Pippi di Pistoia

by

I Pippi di Pistoia (o Pippi di San Jacopo) sono piccoli e curiosi dolcetti legati a doppio filo all’identità storica e religiosa della città di Pistoia. La loro comparsa è legata a una data ben precisa sul calendario: il 25 luglio, giorno in cui si celebra San Jacopo, il santo patrono della città. Il nome “pippo” deriva dal termine dialettale toscano usato affettuosamente per indicare i bambini o le piccole bambole di pezza. Questi dolci, infatti, hanno la forma stilizzata di una figura umana – un piccolo pupazzo con testa, braccia e gambe abbozzate – e venivano storicamente regalati ai bambini che partecipavano alle celebrazioni del patrono.

La tradizione dei pippi affonda le radici nel Medioevo, epoca in cui Pistoia divenne un importante snodo del pellegrinaggio europeo dopo l’arrivo in città di una preziosa reliquia di San Jacopo proveniente da Santiago di Compostela. Durante la festa patronale, la città si riempiva di pellegrini, viandanti e cittadini. I fornai pistoiesi iniziarono così a produrre questi biscotti antropomorfi come cibo da viaggio ed elemento devozionale. Offrire un “pippo” ai più piccoli non era solo un gesto di affetto, ma anche un modo per porre i bambini sotto la protezione del Santo.

La natura dei pippi rispecchia la classica filosofia della pasticceria toscana, basata su ingredienti semplici della dispensa sapientemente combinati.
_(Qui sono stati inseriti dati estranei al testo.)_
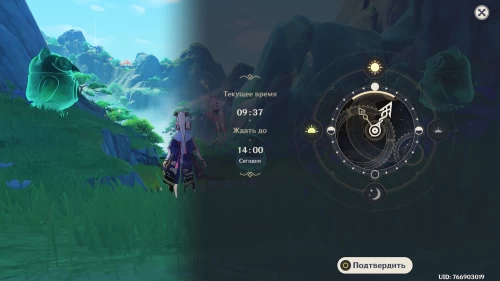 Теперь возвратитесь к самому первому симулякру. Здесь вы обнаружите уже сразу три статуи. Ударьте их, чтобы послушать подсказки. Одна из них укажет на «полдень», поэтому перемотайте время на 14:00 через меню Паймон, а потом просто постойте немного рядом с круглой каменной площадкой на земле.

Si tratta di biscotti di pasta frolla o di pasta da pane arricchita, a seconda delle versioni storiche dei diversi forni. L’ingrediente che dà loro il carattere inconfondibile è l’anice, una costante nei dolci da fiera toscani per le sue proprietà digestive e rinfrescanti.

Sono biscotti secchi, piuttosto compatti e friabili, pensati per conservarsi a lungo nei sacchetti di carta durante le calde giornate di luglio. Spesso, per rendere i pupazzetti più animati e graditi ai bambini, gli occhi o i bottoni del vestito vengono realizzati applicando sulla superficie dei chicchi di uvetta sultanina o dei confettini colorati prima della cottura in forno.

Oggi, camminando per il centro di Pistoia durante i giorni del Luglio Pistoiese e della storica Giostra dell’Orso, è impossibile non notare questi piccoli pupazzi dorati che occhieggiano dalle vetrine dei forni, mantenendo viva una tradizione che profuma di storia e di anice.